To me, this has been a reminder of our salvation. God has extended a gift, one that we do not deserve, one that we can not work for, one that is beyond our ability to pay, one that we cannot understand fully the depths of His love.
Through this week, we got to see a incredible demonstration of God's love for Yaniamo; He moved heaven and earth as they say, to bring her another chance at life. But even more than her physical life which He has preserved, God cares for her soul. One day she will face eternity. No one else will be able to redeem her from her sins, no one will be able to wash away her guilt, no one can pay money for her to go to heaven, she will stand before God alone and give account for having received or rejected Him.
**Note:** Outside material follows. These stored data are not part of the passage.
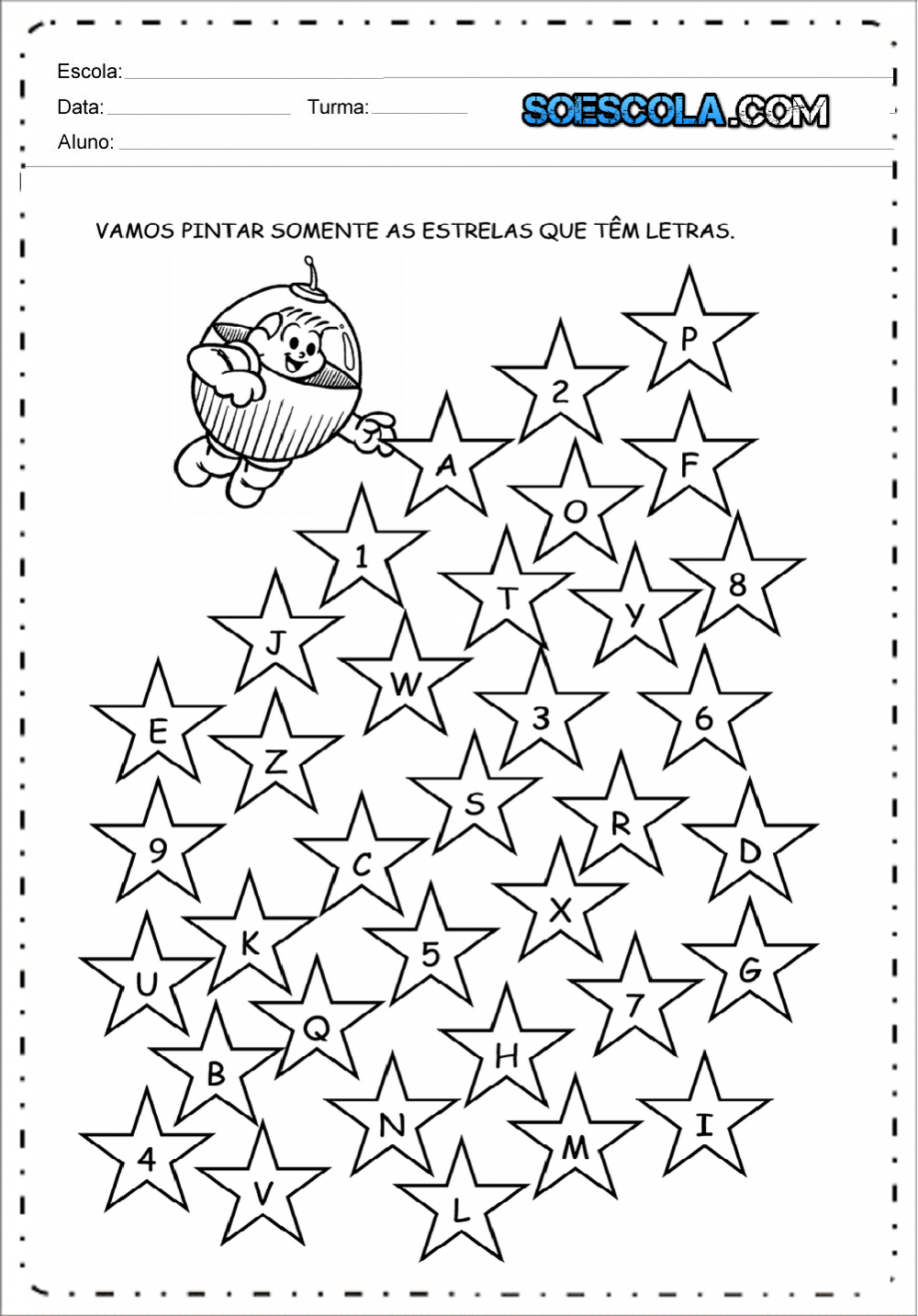 Pinte as estrelas com letras do alfabeto – Atividade para imprimir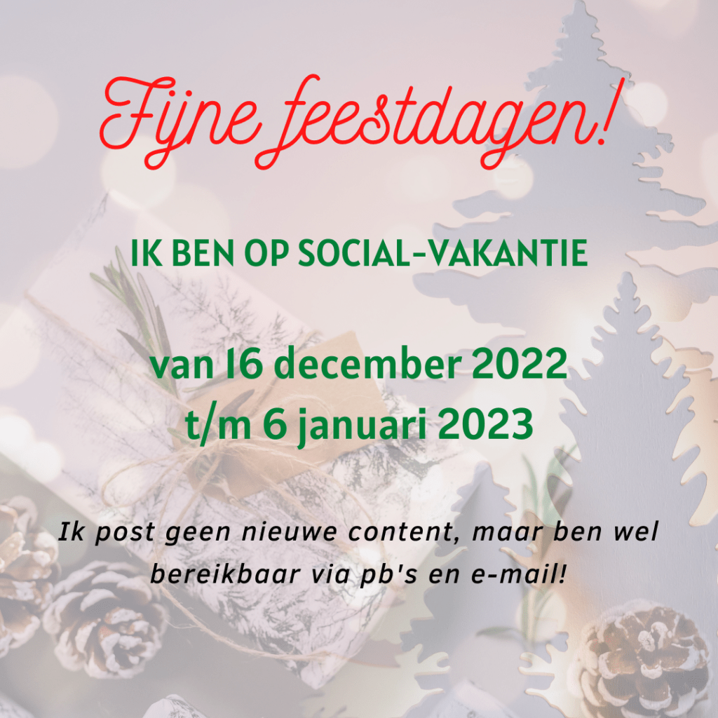 T/m 6 januari plaats ik even niets nieuws op de social media-kanalen. Ik ben er wel, dus als je mij een berichtje stuurt of ergens op reageert, zie ik dat en zal ik reageren. Je kan ook gewoon boeken bij me bestellen, mij vragen stellen of me e-mailen.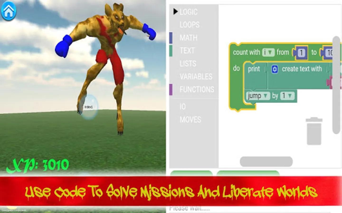 You must learn to code and apply your coding skills to save Earth-5. Help Laamaa and her friends by going from world to world and learning about: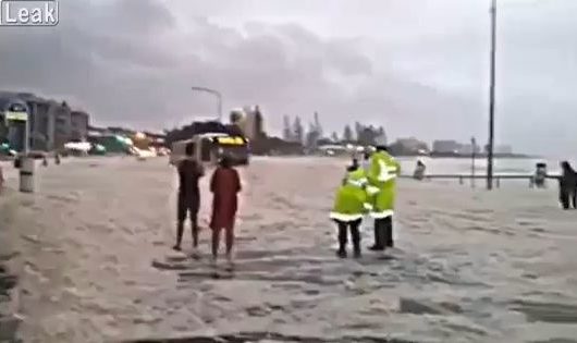 Αστυνομικοί και κάτοικοι παρακολουθούν το λεωφορείο που κινείται με δυσκολία, καθώς λόγω των σφοδρών ανέμων που πνέουν στην Αυστραλία, οι δρόμοι έχουν καλυφθεί από αφρό. Ξαφνικά προβάλλει ένα αυτοκίνητο το οποίο δεν φαινόταν πριν. Ευτυχώς δεν προκλήθηκε κάποιο ατύχημα.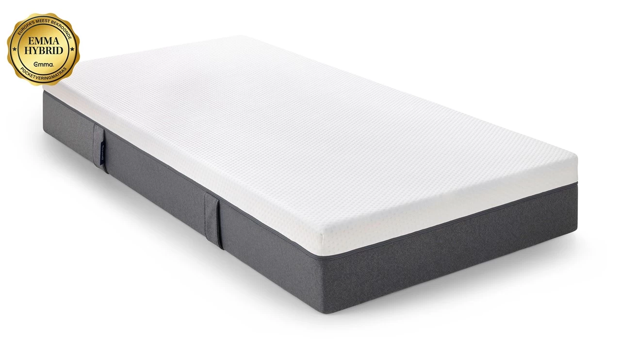 Maak kennis met het best geteste matras van Nederland: Emma Hybrid! Het Emma Hybrid Matras is als eerste uit de bus gekomen in de Consumentenbond Matrassentest 2022 met een score van 7,3! En dat is ook niet heel gek, want dit matras is ontworpen voor ultiem comfort én de levensduur is bijzonder goed. Emma Hybrid combineert pocketveren en schuim om van elke nachtrust een droom te maken. Welterusten!
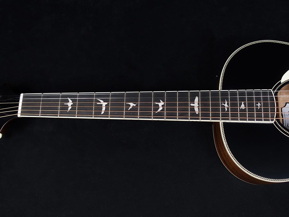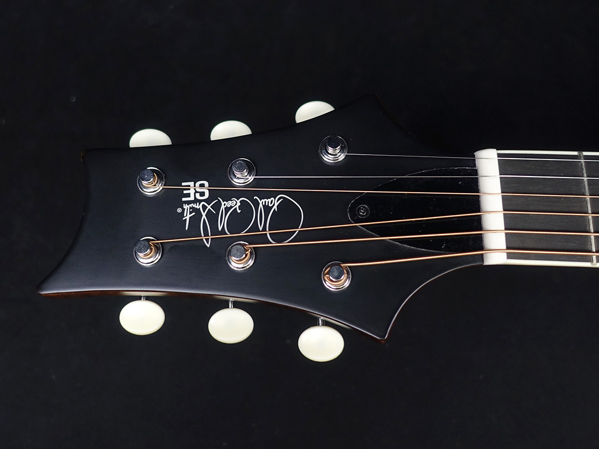 PRSのトレードマークであるバードインレイとヘッドストックのデザインはそのままに、マットな質感のボディ、ヘリンボーン柄のロゼット、バインディングとお洒落で落ち着いたルックスも魅力的。

In all normal cases, a mom of 10 could easily deliver her own baby at home. As she reminded us, she is an experienced mom and knows what labor pains are like. She knew when the water broke early and the baby was not born, something was wrong. And through the last week, the Lord abruptly interrupted their lives. Instead of carrying on as usual, they hiked for two days to see us, then spent a week thinking she was about to deliver, and now they will spend at least another two weeks in Kerema in recovery, and another week hiking home. Instead of delivering at home with fear of a third wife's curses, she sat with pastor's wife and heard the hope of salvation in Jesus Christ, instead of thinking God has abandoned her she sat up late at night in the clinic with Linda and Manandi and Margeret praying with her and her family, instead of carrying the weight of grief alone, she learned of a God that gave his only Son to be a Man of sorrows and pay the price of sin for us. A month of interruption - a month of being uncomfortable - a month of unfamiliar places and faces - a month to consider life and death. How grateful I am that the Lord allows these times to get our attention.
Have you also considered your life? Christ has died sacrificially to redeem you from your sins, how deeply and truly He loves you! Our sin is wretched and is an utter separation from a holy God. You are thoroughly incapable you are of saving yourself, and yet God's gift of salvation is free if you will accept Him. He is the Way, the Truth, and the Life.
And this is our prayer for Yaniamo - to know Christ - to not run from the interruption, but see God's extension of grace revealing Himself. What is the Lord doing in your life? May we truly come to understand the gift we have been given. It is incredible, mind blowing, and beyond our farthest ability. He is God, and He is good and just and loving and holy and worthy to be praised. His gift to us cost His life; it is a gift of life.